Вспоминает Н. И. Коровушкин:

«Едем на КП. [175] Участникам парада сообщают прогноз погоды: малооблачно, средняя дымка, видимость на отдельных участках четыре-шесть километров. Даются последние указания: в эфир может выходить только ведущий, посадка разрешена на две полосы с любых направлений; летаем только мы. «Добро» получено — все по плану.

Машины уже отбуксированы на полосу и расставлены в шахматном порядке. Одеваемся, едем к самолетам. Последние приготовления — и садимся в кабины. Лишних людей — никого, да и откуда: выходной день. Инженеры и техники хлопочут у своих машин. Все идет четко по графику. Проверена связь с ведущим и КП. Сидим и ждем команды: «Группе — запуск». Услышали ее, и каждый по порядку коротко ответил: «Понял».

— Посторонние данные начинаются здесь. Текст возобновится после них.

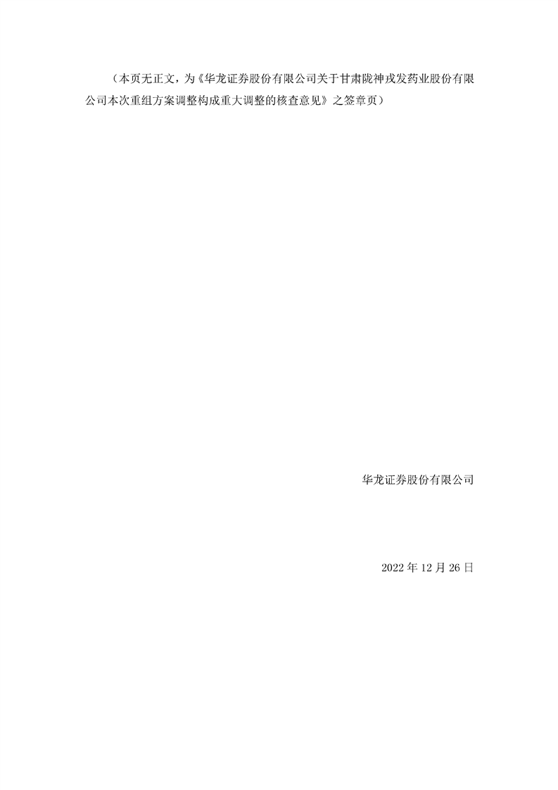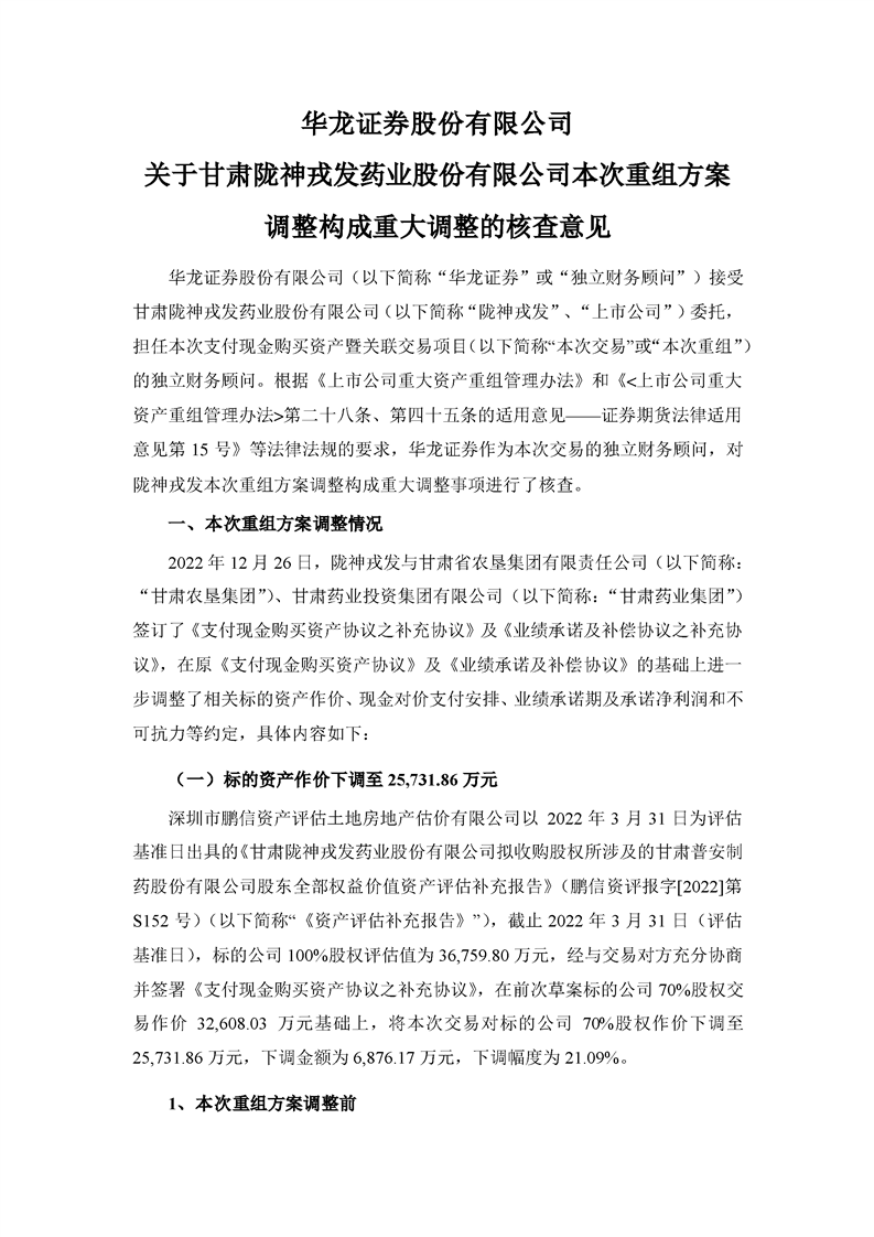 華龍證券股份有限公司關(guān)于甘肅隴神戎發(fā)藥業(yè)股份有限公司本次重組方案調(diào)整構(gòu)成重大調(diào)整的核查意見(jiàn)

Первым взлетел ведущий — Г. А. Седов. Через минуту все машины были уже в воздухе, построились на безопасных расстояниях. «Роза, группа в сборе, вышли на первый», — сообщил Г. А. Седов штабу парада. «Все по плану», — ответило Тушино. Мы молчим, и только Владимир Коккинаки в положении замыкающего изредка докладывает на КП о погоде. Вот и последний разворот, снижаемся и выходим на прямую. Топливо, температура газов в норме. Ведущий, увеличивая скорость, уходит вперед, а мы последовательно начинаем отставать. Проскакиваем Истру, видимость ухудшается — мешает солнце, оно как раз в передней полусфере. Сейчас главное не потерять ведущего. Все мелькает, как в калейдоскопе. Впереди очень быстро приближается зеленое поле — Тушинский аэродром, и как-то неожиданно слева открылось пестрое пятно из разноцветных платьев, шляпок и зонтов, но нам не до них. Ведущий прижимается к земле, и я тоже. Секунда! И Седову дают команду: «Горка». Почти тут же мне и Махалину. Плавно переходим в пологий набор высоты и уменьшаем обороты. Все прошли хорошо.

Мы с Владимиром Махалиным садились на одну полосу. МиГи — на другую. У Махалина топливо на пределе, и, когда я уже снижался и выпустил шасси, он крикнул мне что-то вроде «разойдись!». Я отвернул вправо, пропуская его на полосу…»

Воздушный парад в Тушине 24 июня 1956 года стал триумфом советской сверхзвуковой авиации. Шесть самолетов [176] новых типов прошли в этот день над полем Тушинского аэродрома. Среди зарубежных гостей много было военных представителей и из социалистических, и из капиталистических стран. В том числе начальник штаба ВВС США генерал Туайнинг.

Особенно заинтересовал иностранных специалистов перехватчик Сухого. Глава военной делегации одной из капиталистических стран, указывая на этот самолет, спросил стоящего рядом с ним нашего авиационного специалиста:

— Максимальная скорость у него 1,8 «маха»?

— Больше, — услышал он в ответ. — 1,9?

— Нет, он рассчитан на большее.

Генерал посмотрел с сомнением и отошел, не поверив.

Обозреватель американского журнала «Популярная механика» Т. Тэрнер писал в статье «Русский ответ на F-104 "Старфайтер":

«Летчики Советских ВВС проводят испытания современного типа самолета конструкции Сухого. Он принадлежит к тому же классу, что и американский истребитель F-104., Оба эти самолета являются перехватчиками с одинаково высокими скоростью, маневренностью и хорошим вооружением.

Имеющиеся фотографии самолета Сухого обнаруживают рациональное мышление русских конструкторов».

Это признание особенно важно, если вспомнить, что самолету F-104 «Старфайтер» фирмы «Локхид» сопутствовала громкая реклама. Это его называли «самый скоростной, самый высотный, самый маневренный». И действительно, в 1955 году на нем была достигнута скорость, равная двум «махам». Но уже через несколько месяцев такая же скорость была получена на самолетах Сухого, монополия американцев на эпитет «самый» рухнула…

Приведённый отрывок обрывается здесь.